Aktuell steht die Partei vor riesigen Problemen. Der bisherige Landtagsabgeordnete André Hüttemeyer, seit 2020 auch Kreisvorsitzender der CDU, hat am 21. August überraschend alle Ämter niedergelegt. Gegen ihn wird ermittelt, wohl wegen eines Sexualdeliktes. Hüttemeyer bestreitet, rechtswidrig gehandelt zu haben, aber aus der Politik hat er sich zurückgezogen. In Vechta heißt es, diese Nachricht habe viele Mitglieder „vor den Kopf gestoßen“. Die Nachfolgesuche dürfte nicht einfach werden. Zunächst wird offenbar der CDU-Europakandidat Jochen Steinkamp die Führung des Kreisverbandes übernehmen – er gilt als ruhig und besonnen, ist damit ein ganz anderer Typ als der vorwärtstreibende, kämpferische Hüttemeyer.

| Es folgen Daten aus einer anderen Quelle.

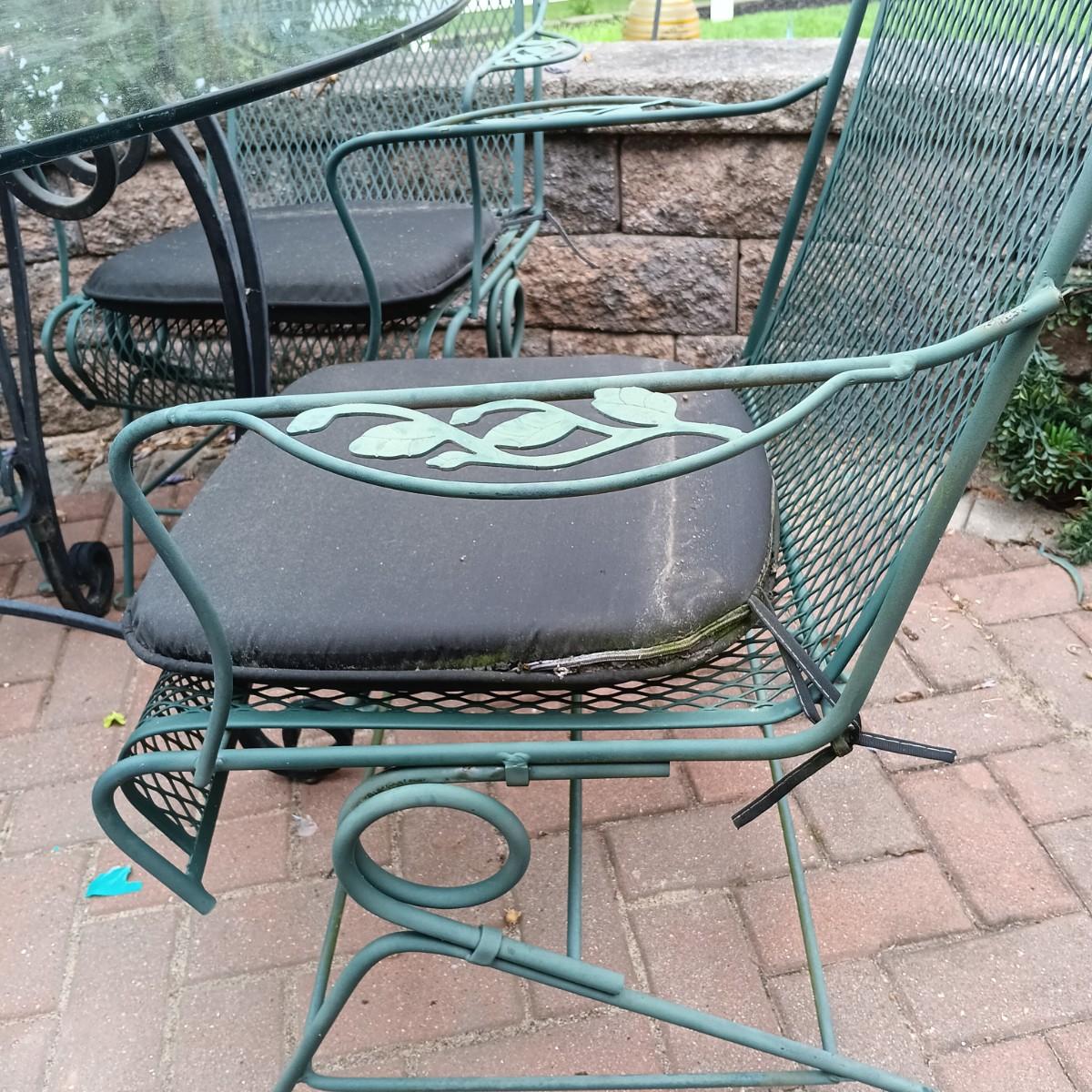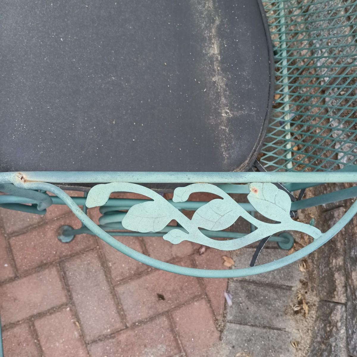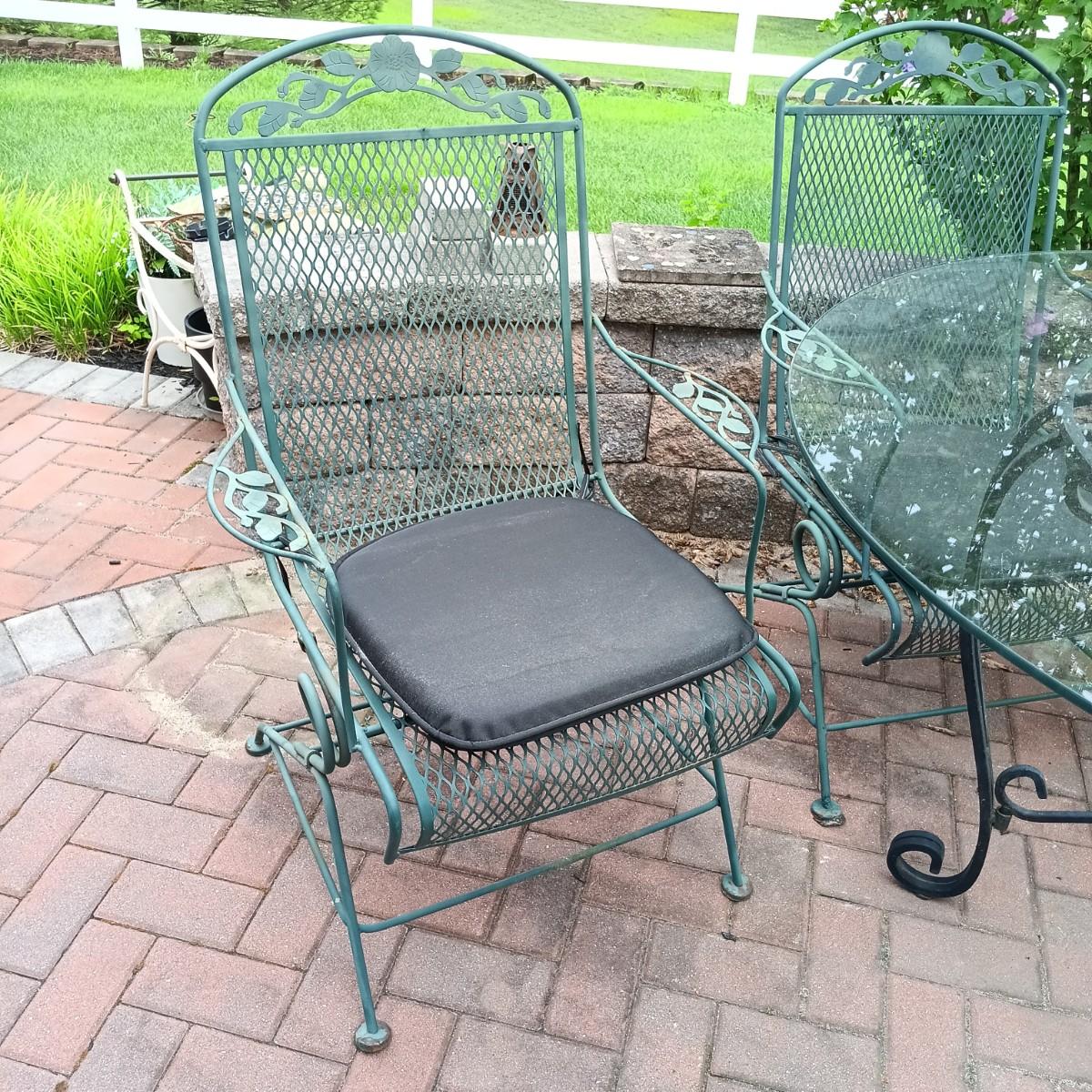 LOT 305: Set of Metal Patio Chairs with Wrought Iron and Glass Top Table
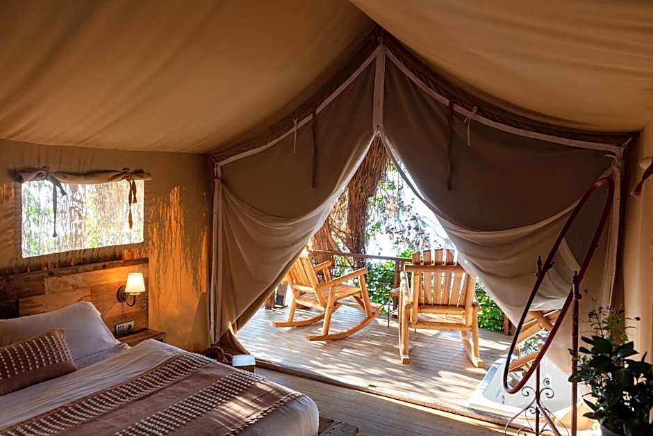 This suite is located in a bamboo house with wooden and fabric interiors, and straw roof. It offers stunning views of the sea. It also has a private balcony with a hot tub, a vegetable garden and direct access to the sea.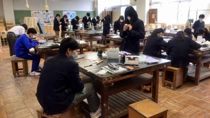 手回しラジオができた生徒は、LEDのミニライトの作成をしています。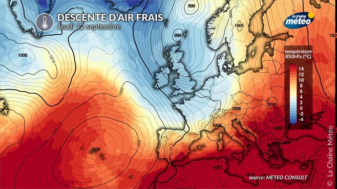 Les températures repasseront nettement en dessous des normales de saison mercredi et vendredi prochain. Un front froid actif pourrait balayer la France du nord-ouest vers la Méditerranée avec des pluies soutenues, de la neige à moyenne altitude sur nos montagnes. À l'arrière du front, le temps devrait rester instable avec des averses en plaine et des giboulées en montagne. La neige pourrait blanchir les sols dès 1800 m, ce qui survient précocement, mais n'a rien d'exceptionnel pour un mois de septembre.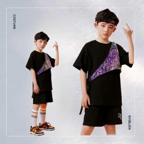 Cスタイル:黒Tシャツ×ショートパンツ+紫のキラキラバッグで、ストリート感満載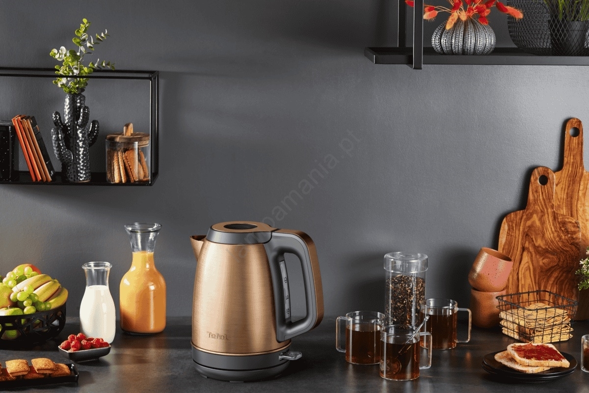• Chaleira elétrica elegante Coppertinto KI280G10, que alia design moderno a funcionalidades para o uso diário.
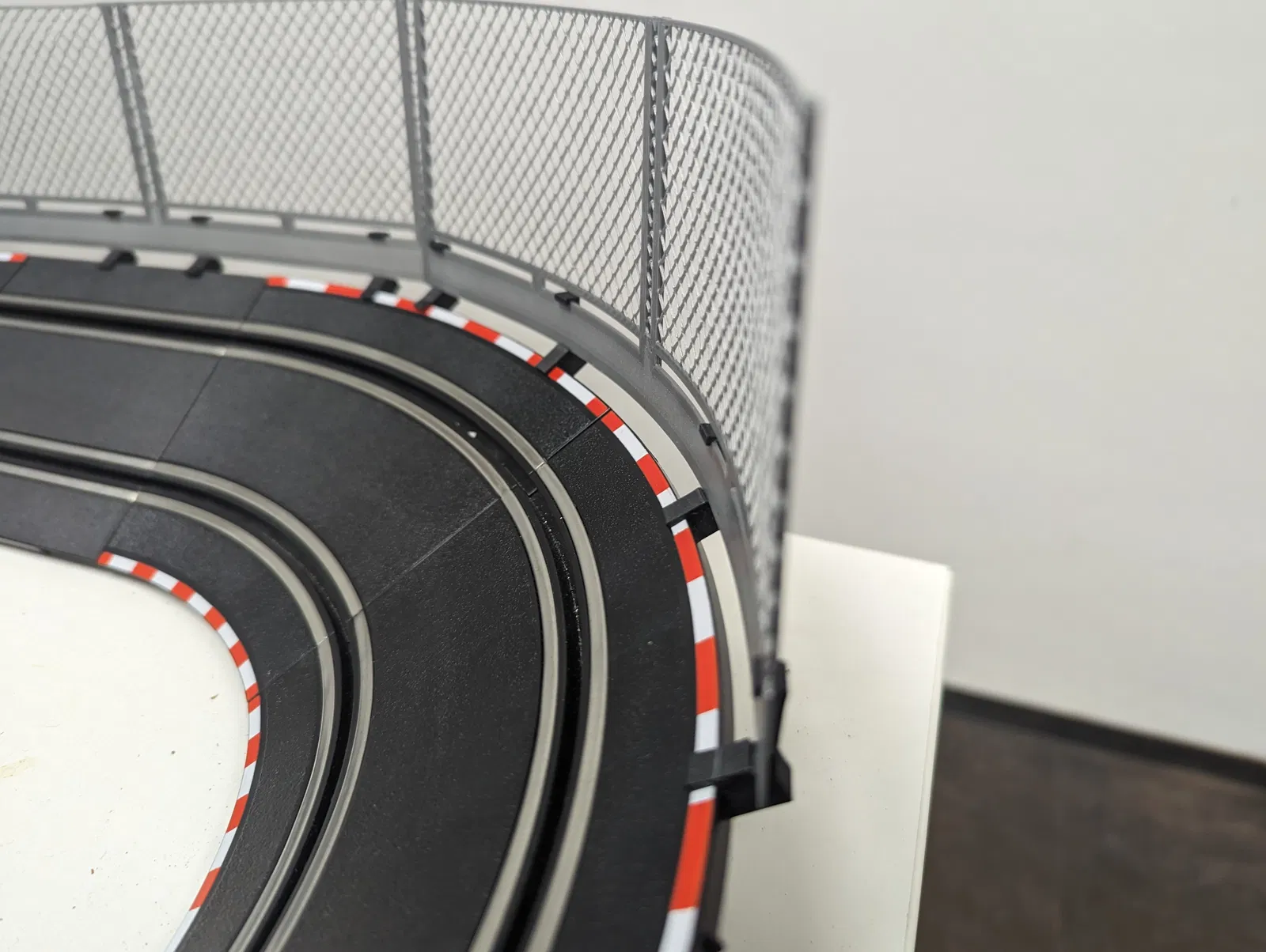 Tui dành nhiều thời gian để tìm một giải pháp đẹp cho mấy khúc cua gấp mà không cần gắn cố định. Tui tìm thấy cái rào chắn an toàn này và chỉnh sửa lại cho phù hợp với tỉ lệ và mấy cái kẹp của tui. Tui đã sửa đổi mấy cái kẹp để có thể dùng được ở mấy khúc cua gấp. Cái rào chắn này có thể tải về dưới dạng một hoặc hai mảnh ghép. Mấy tấm hình là tui xài cái loại hai mảnh ghép đó nha.

Aber wird Steinkamp es auf Dauer machen – und gewinnt er die Autorität? Der CDU-Kreisverband Vechta hat rund 3000 Mitglieder, im südoldenburgischen Land ist die CDU die beherrschende Partei. Das ist vergleichbar mit der SPD in der Stadt Hannover oder in Bremen. Während Parteien in einer Minderheitsposition überwiegend Überzeugungstäter als Mitglieder haben und eine große Homogenität aufweisen, ist das Bild in den Hochburgen vielschichtiger. Da sind neben Leuten, die das Programm der CDU gut finden, auch solche, die über die Partei gern ihre Karriere ebnen oder in einflussreiche Positionen gelangen möchten. Viele schielen hier stärker nach der Macht. Das kann eine Ursache dafür sein, dass die Konflikte dann oft erbitterter oder zielstrebiger geführt werden – und dass Akteure gern Seilschaften bilden oder Grüppchen um sich scharen, dass sie „Mehrheiten bauen“, wie es so oft im CDU-Jargon heißt.

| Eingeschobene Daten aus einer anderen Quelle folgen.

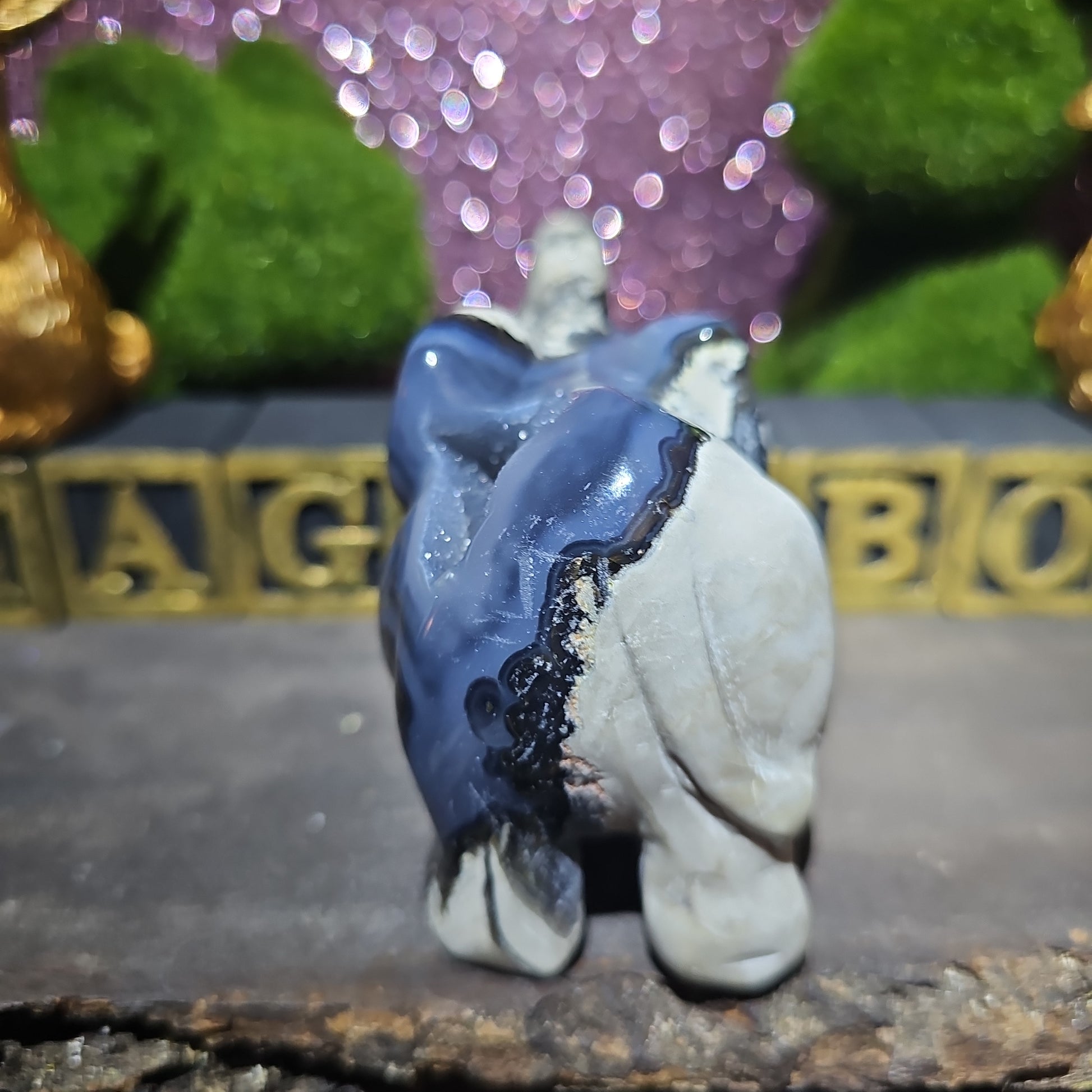 Our Volcanic Agate Elephant is a majestic fusion of geological splendor and artistic craftsmanship. Carved from genuine volcanic agate, this remarkable sculpture showcases the strength and grace of one of Earth's most magnificent creatures.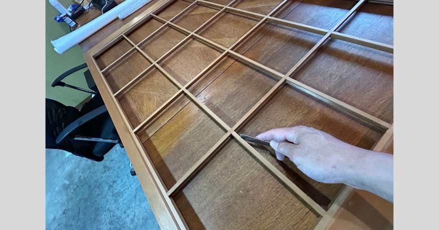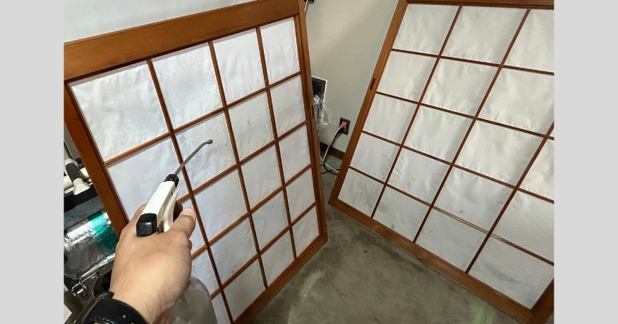 骨組みの部分をヘラで丁寧に削って整えます。4.障子用の糊を塗布 障子紙を転がして張りこみ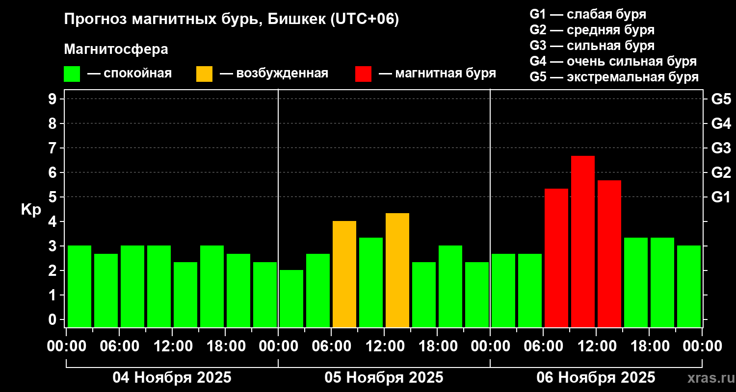 Прогноз магнитных бурь в Бишкеке — 4 ноября 2025 года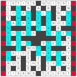 This is only the second Genius puzzle I have attempted [my first, many months ago, being one by Soup that had no vowels in the clues or answers]. A study of the preamble and of the setter’s name indicated another tough challenge ahead, but a fair one that would ultimately be solvable.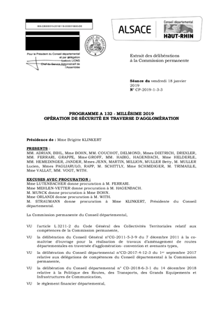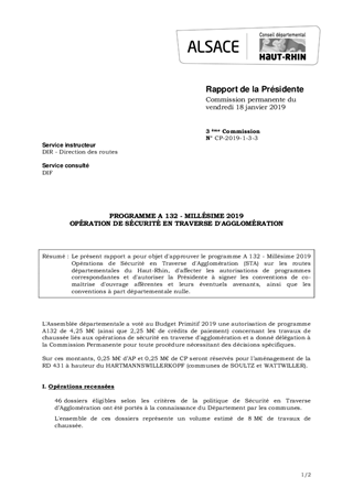 Le présent rapport a pour objet d'approuver le programme A 132 - Millésime 2019 Opérations de Sécurité en Traverse d'Agglomération (STA) sur les routes départementales du Haut-Rhin, d'affecter les autorisations de programmes correspondantes et d'autoriser la Présidente à signer les conventions de co-maîtrise d'ouvrage afférentes et leurs éventuels avenants, ainsi que les conventions à part départementale nulle.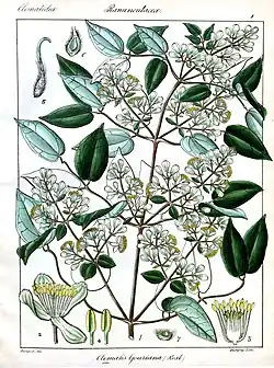 A large climbing shrub, reaching up to the canopies of trees. Glabrous, except for the younger parts of the plant. Grooved stem and branches. Leaves are pinnate, sometimes bi-pinnate or tri-pinnate. Leaflets may be ovate or oblong acuminate, with nerves and reticulate venation, and have a shining surface. Small flowers in many branched pannicles. Each flower is 1 to 1.5 inches wide, fragrant and greenish-white. Petals are absent but four greenish sepals present which are oblong-ovate and covered with soft down. Many stamens, with free, narrow and straight filaments which thicken towards the top. Compressed achenes, narrowly ovoid or oblong, with persistent feathery style.[1][2][6][7][8]

Als Hüttemeyer den Kreisvorsitz übernahm, wurde er getragen durch eine starke Gruppe von Jüngeren in der CDU, die über die JU zur Politik gekommen waren. Er folgte auf einen älteren, Dirk Lübbe, der sein Amt aufgegeben hatte. Zuvor war die CDU Vechta bei der Europawahl 2019 unter die 50-Prozent-Marke gerutscht – für die erfolgsverwöhnte Partei ein Alarmzeichen. Vor seiner Wahl kündigte Hüttemeyer an, die CDU müsse frischer, moderner und digitaler werden; sie müsse die Menschen besser erreichen.

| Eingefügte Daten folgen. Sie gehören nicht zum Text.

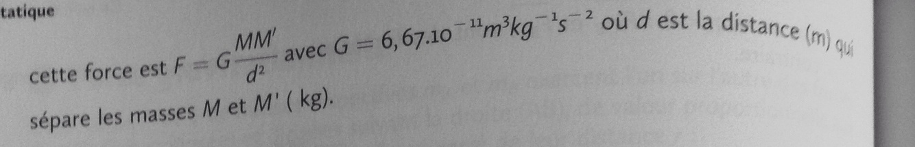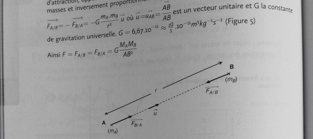 2 corps A et B exercent l’un sur l’autre des forces d’attraction opposées et dirigées suivant la droite (AB) de valeur proportionnelle aux masses et inversement proportionnelle au carré de leur distance r
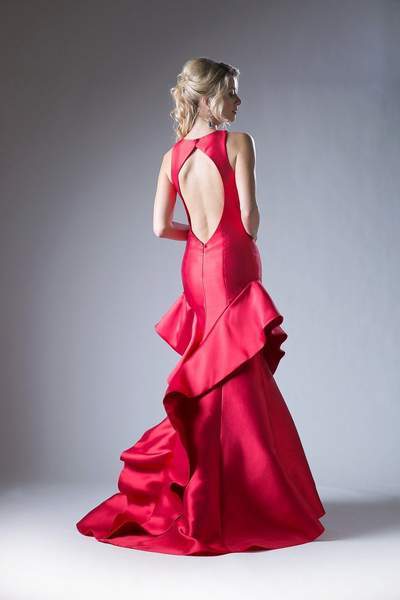 | Details: | Sleeveless, Illusion Notch, Seams, Cut-In Details, Ruffled Symmetrical Cascade, Deep Keyhole Cutout, Back Zipper Closure, Sweep Train |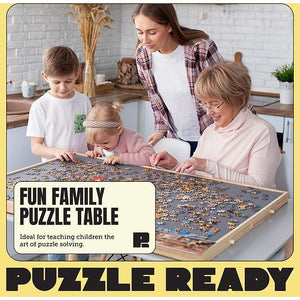 Designed to accommodate 1000-piece puzzles, the work surface measures approximately 61 x 76 cm, providing ample space for most standard-sized puzzles. The wooden construction ensures durability and stability, while the non-slip feet at the corners of the board prevent it from sliding on smooth surfaces.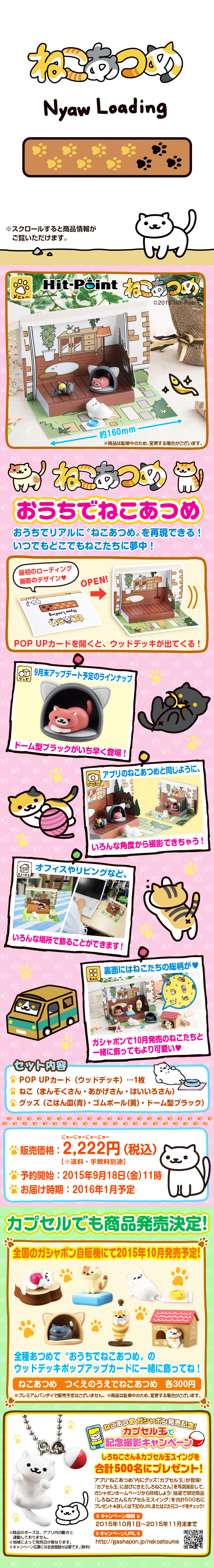 這一款名為「人家在收集貓咪」(暫譯,おうちでねこあつめ) 是由軟體公司Hit-Point 與BANDAI 所合作推出。組合內容將包含一個在遊戲中出現的場景所製作的卡片,並且收錄了大人氣的三款貓咪「まんぞくさん」、「あかげさん」與「はいいろさん」,以及能夠呼喚更多新貓咪登場的道具「猫缶」「ドーム型クッション」「ゴムボール」。

Aus dem Kreisverband heißt es, der junge, rhetorische talentierte und kommunikative Mann an der Spitze habe daraufhin in der Partei „eine große Autorität erworben“, er sei zur klare Leitfigur aufgestiegen. Das ist in der CDU Vechta offenbar auch ein Charakteristikum: Wenn jemand vorn steht, der seine Sache gut macht, dann ordnen sich sehr viele in der Partei ihm bereitwillig unter. Das sind offenbar überlieferte, konservative Gewohnheiten, die hier noch verbreiteter sind als in Großstadt-Parteien, in denen vielleicht energischer um den Kurs gestritten wird und die Vorsitzenden häufiger Gegenwind erfahren.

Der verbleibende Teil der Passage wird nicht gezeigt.